Activity =>
Repeat precisely the span of lines below that opens with the line containing "069-05 / 900" and closes with the line containing "The mosaic mural", both included.

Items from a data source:
= = =
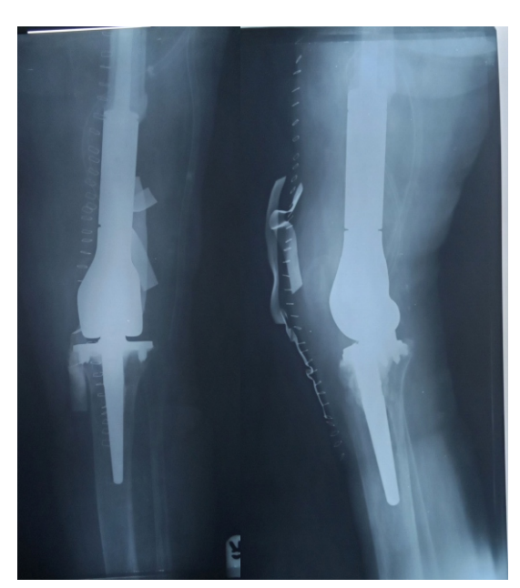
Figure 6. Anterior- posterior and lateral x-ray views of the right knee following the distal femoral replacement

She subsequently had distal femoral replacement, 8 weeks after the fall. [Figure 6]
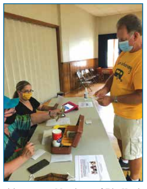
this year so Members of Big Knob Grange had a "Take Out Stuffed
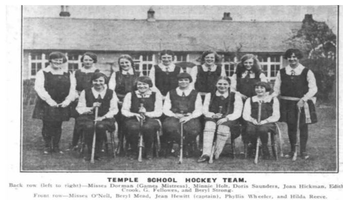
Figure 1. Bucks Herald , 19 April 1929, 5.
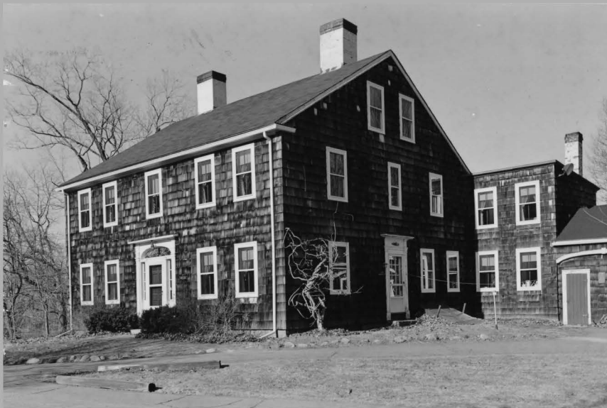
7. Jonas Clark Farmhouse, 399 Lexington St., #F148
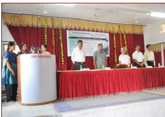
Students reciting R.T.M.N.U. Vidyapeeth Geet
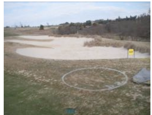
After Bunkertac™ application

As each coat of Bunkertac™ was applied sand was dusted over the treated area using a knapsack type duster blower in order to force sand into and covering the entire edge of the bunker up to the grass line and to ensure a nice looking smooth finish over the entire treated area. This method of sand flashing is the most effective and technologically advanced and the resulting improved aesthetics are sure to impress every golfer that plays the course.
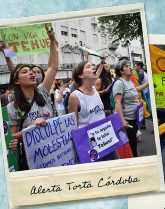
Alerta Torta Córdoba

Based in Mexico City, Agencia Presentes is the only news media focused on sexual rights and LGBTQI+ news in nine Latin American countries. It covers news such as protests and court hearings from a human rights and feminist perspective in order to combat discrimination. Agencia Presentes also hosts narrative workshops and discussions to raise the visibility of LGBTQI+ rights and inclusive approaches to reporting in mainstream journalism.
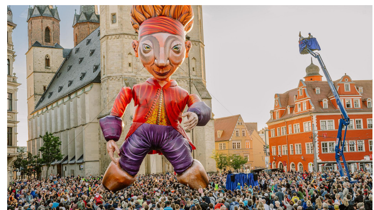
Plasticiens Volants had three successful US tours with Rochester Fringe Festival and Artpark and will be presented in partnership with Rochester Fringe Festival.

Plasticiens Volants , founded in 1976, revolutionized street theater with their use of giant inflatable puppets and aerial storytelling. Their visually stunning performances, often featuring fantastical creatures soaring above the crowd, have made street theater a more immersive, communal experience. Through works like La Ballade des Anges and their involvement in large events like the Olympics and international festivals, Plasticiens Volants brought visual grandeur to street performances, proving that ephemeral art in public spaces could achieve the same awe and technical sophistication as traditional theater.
= = =
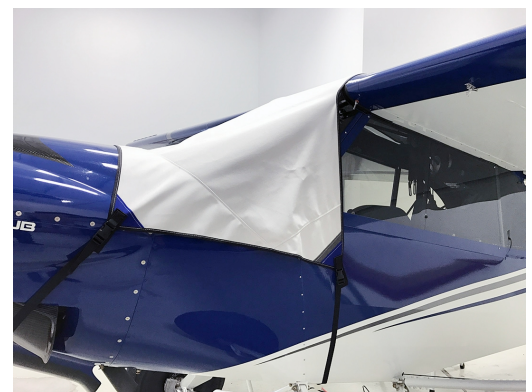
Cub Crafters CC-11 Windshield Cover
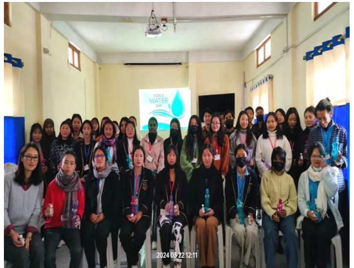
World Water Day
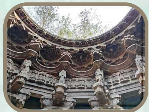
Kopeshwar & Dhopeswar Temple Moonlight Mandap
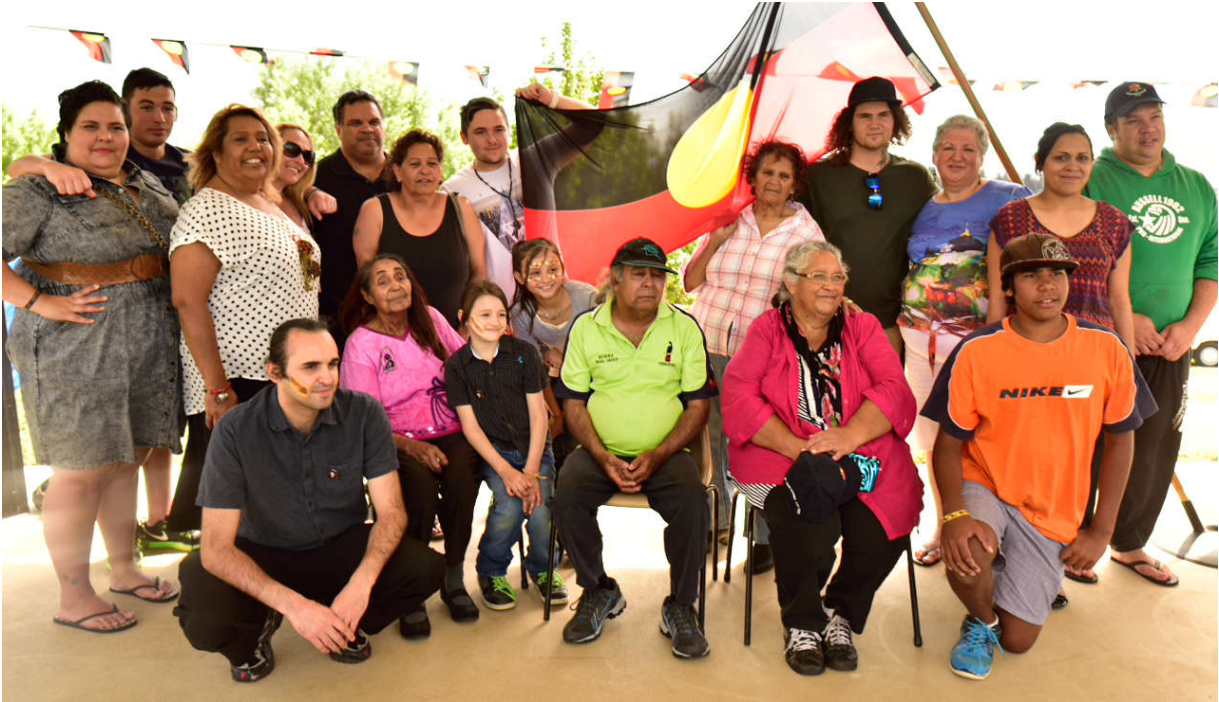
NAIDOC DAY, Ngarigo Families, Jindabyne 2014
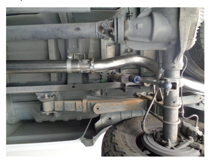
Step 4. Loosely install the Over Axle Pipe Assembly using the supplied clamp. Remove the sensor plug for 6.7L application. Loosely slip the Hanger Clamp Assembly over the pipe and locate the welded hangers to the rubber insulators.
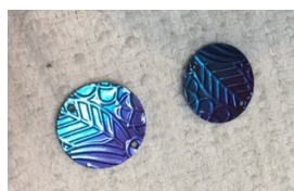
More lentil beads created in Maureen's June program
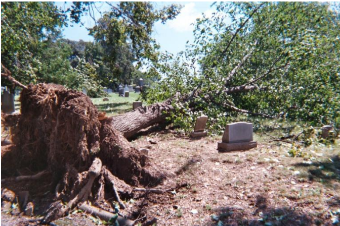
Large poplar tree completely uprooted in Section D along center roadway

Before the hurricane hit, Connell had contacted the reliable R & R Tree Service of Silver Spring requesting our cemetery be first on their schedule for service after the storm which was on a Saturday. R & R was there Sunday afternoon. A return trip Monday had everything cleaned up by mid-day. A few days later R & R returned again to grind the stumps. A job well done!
= = =
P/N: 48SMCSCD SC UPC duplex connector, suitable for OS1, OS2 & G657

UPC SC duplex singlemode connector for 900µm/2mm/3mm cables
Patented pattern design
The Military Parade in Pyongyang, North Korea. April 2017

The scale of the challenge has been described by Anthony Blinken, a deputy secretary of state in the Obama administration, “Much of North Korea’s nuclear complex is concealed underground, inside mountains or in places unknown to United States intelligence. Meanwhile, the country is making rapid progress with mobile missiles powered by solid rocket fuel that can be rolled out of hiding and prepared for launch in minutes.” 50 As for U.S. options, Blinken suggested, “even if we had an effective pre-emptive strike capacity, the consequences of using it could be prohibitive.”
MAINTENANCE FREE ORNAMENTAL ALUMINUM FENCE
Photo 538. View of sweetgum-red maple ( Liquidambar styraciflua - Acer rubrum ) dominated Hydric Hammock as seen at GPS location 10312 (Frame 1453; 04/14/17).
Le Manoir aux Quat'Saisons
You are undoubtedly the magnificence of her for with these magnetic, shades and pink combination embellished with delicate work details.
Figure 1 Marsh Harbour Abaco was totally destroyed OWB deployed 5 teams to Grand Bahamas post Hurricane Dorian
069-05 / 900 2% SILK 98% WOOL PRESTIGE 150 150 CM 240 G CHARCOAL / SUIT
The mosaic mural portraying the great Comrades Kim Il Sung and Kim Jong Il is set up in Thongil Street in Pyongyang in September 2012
= = =
Exercise solution =>
069-05 / 900 2% SILK 98% WOOL PRESTIGE 150 150 CM 240 G CHARCOAL / SUIT
The mosaic mural portraying the great Comrades Kim Il Sung and Kim Jong Il is set up in Thongil Street in Pyongyang in September 2012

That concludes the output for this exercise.